**** Data for this exercise
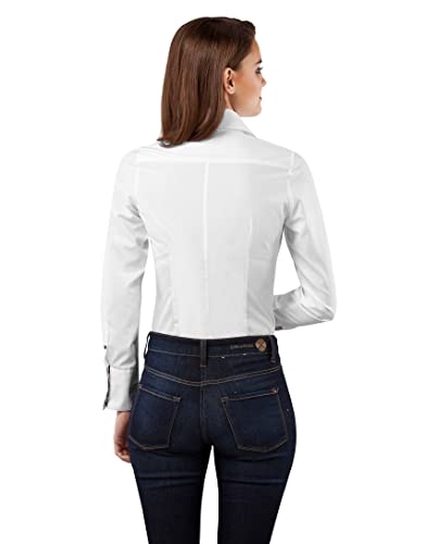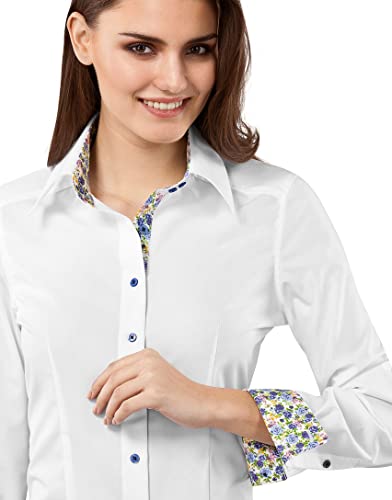 Vincenzo Boretti Camicia da donna modern-fit, maniche lunghe, tinta unita con contrasti, non si stira bianco 46
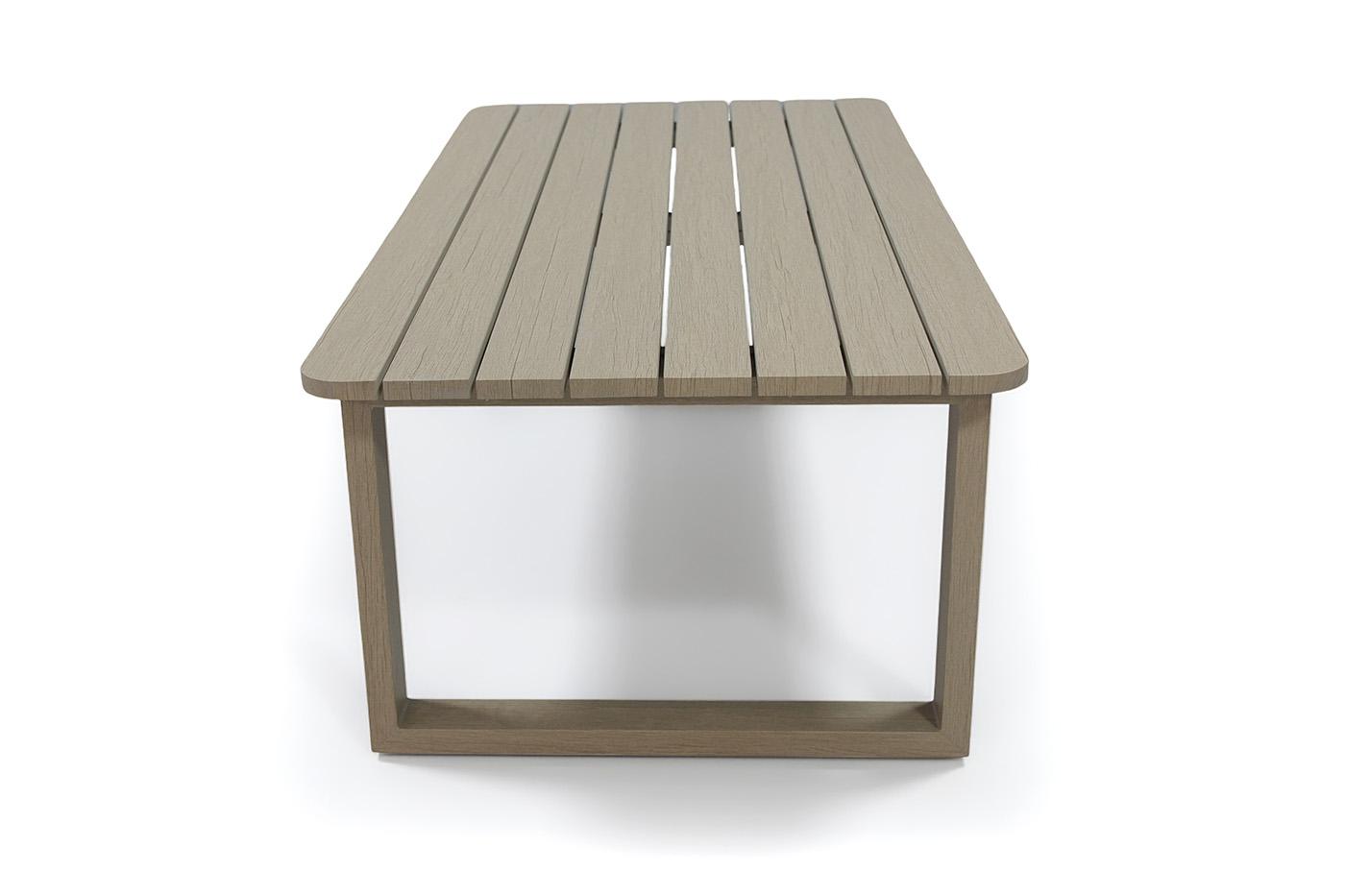Элегантный журнальный столик «Прато», выполнен из прочного алюминия в стильном цвете под холодное бежевое дерево. Столик станет не только функциональным элементом интерьера, но и изысканным акцентом, добавляющим современности и утонченности. Благодаря алюминиевой конструкции, он легок, долговечен и прост в уходе, что делает его практичным выбором для вашего дома. Размеры: 1400×650×400 мм - идеально подходят для создания уютной зоны отдыха.
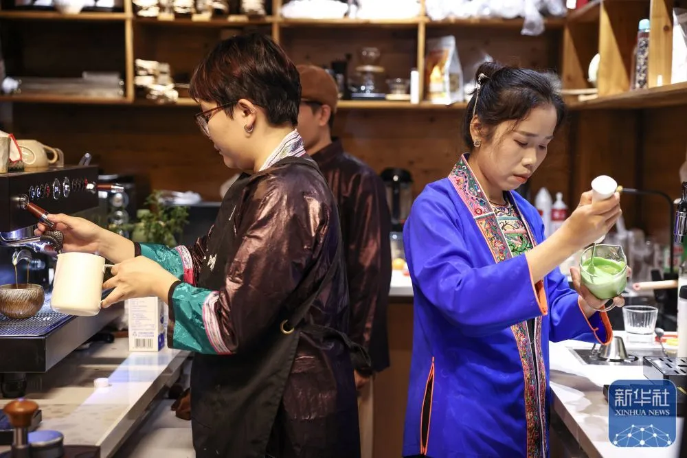 ↑ 4月20日,村民付王梅(右)在肇兴侗寨鼓亭全景咖啡馆里为顾客制作茶饮。新华社记者 杨文斌 摄
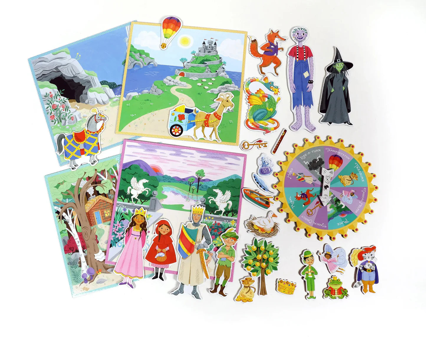 - Includes 4 Heroes, 4 Rivals, 4 Helpers, 4 Magical Objects, 4 Means of Transport, 4 Treasures, 4 Fairytale Places
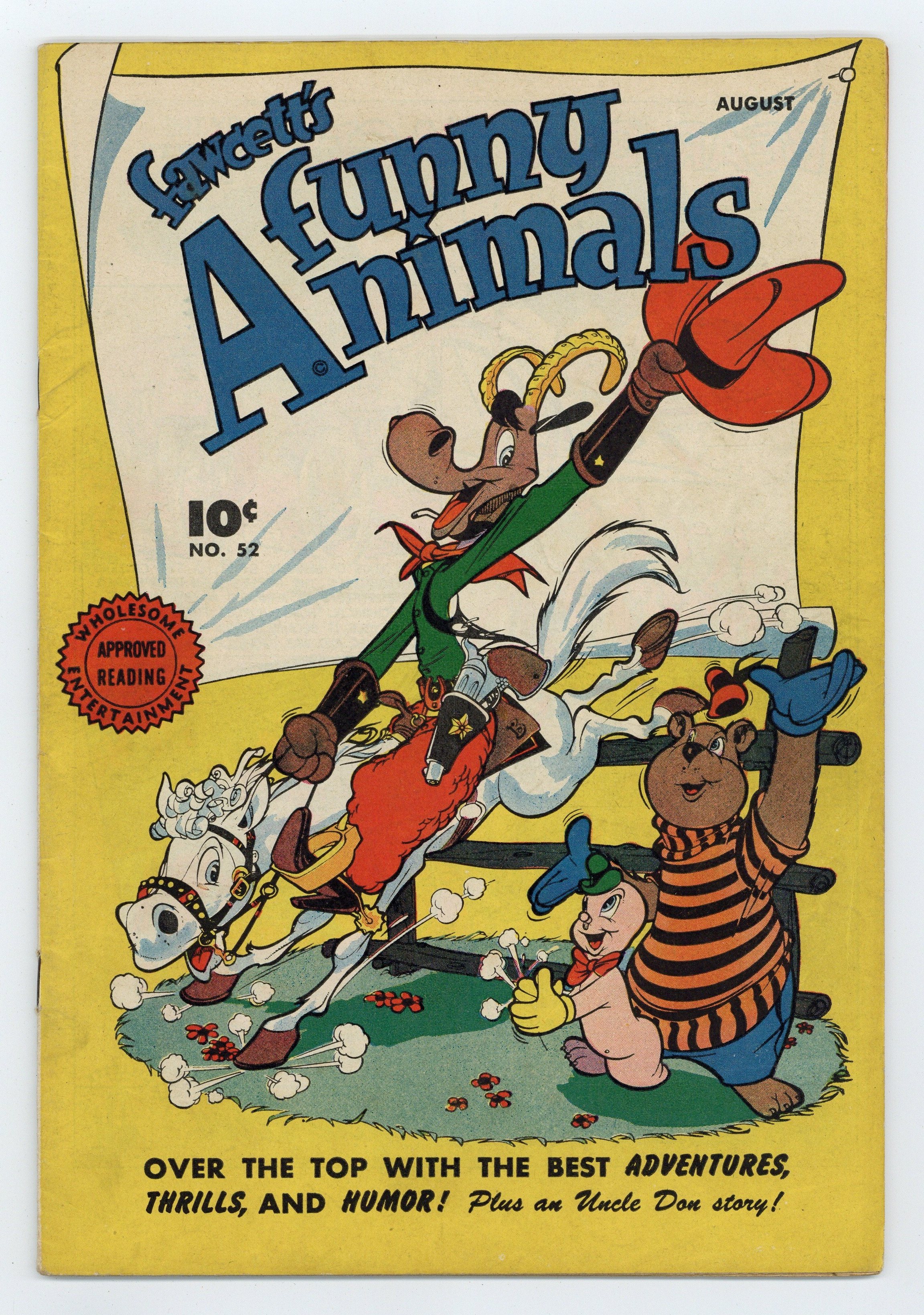 $21.00Funny-animal comics from Fawcett, featuring Hoppy the Marvel Bunny, who has the same powers and power-word as his hero (Shazam!). Billy the Kid tries to keep outlaw Trigger Boley from crossing the border. Benny Beaver decides to take some time off to go to the dance, but finds himself working twice as hard as he normally does. When White Beauty, the famous racehorse, disappears, could Foxy the jockey be involved - and where did that black horse come from? Plus a delightful vintage ad for Schwinn bicycles featuring movie cowboy Roy Rogers and his horse Trigger: "Next to riding you, Trigger, there's nothing like riding a Schwinn!" Billy the Kid and Oscar: On the Border of Trouble; Battling Bantam: The Private Tutor; Willipus Wallipus: Bad Medicine; Benny Beaver: Double Trouble; Willie the Worm: Shades of the Night/ Willie the Worm Cries Uncle/ Sounds Off; Sherlock the Monk and Chuck: Horse Sense; Benny Beaver and Fuzzy Bear: Less Strain on the Eyes. 32 pages, Full Color. Cover price $0.10.
********
(Goal of the exercise):
The line containing "- Includes 4" marks where the copy ends; print every line before it from the start of the records, and that line too, but no pictures.

(Worked solution):
 Vincenzo Boretti Camicia da donna modern-fit, maniche lunghe, tinta unita con contrasti, non si stira bianco 46
Элегантный журнальный столик «Прато», выполнен из прочного алюминия в стильном цвете под холодное бежевое дерево. Столик станет не только функциональным элементом интерьера, но и изысканным акцентом, добавляющим современности и утонченности. Благодаря алюминиевой конструкции, он легок, долговечен и прост в уходе, что делает его практичным выбором для вашего дома. Размеры: 1400×650×400 мм - идеально подходят для создания уютной зоны отдыха.
 ↑ 4月20日,村民付王梅(右)在肇兴侗寨鼓亭全景咖啡馆里为顾客制作茶饮。新华社记者 杨文斌 摄
 - Includes 4 Heroes, 4 Rivals, 4 Helpers, 4 Magical Objects, 4 Means of Transport, 4 Treasures, 4 Fairytale Places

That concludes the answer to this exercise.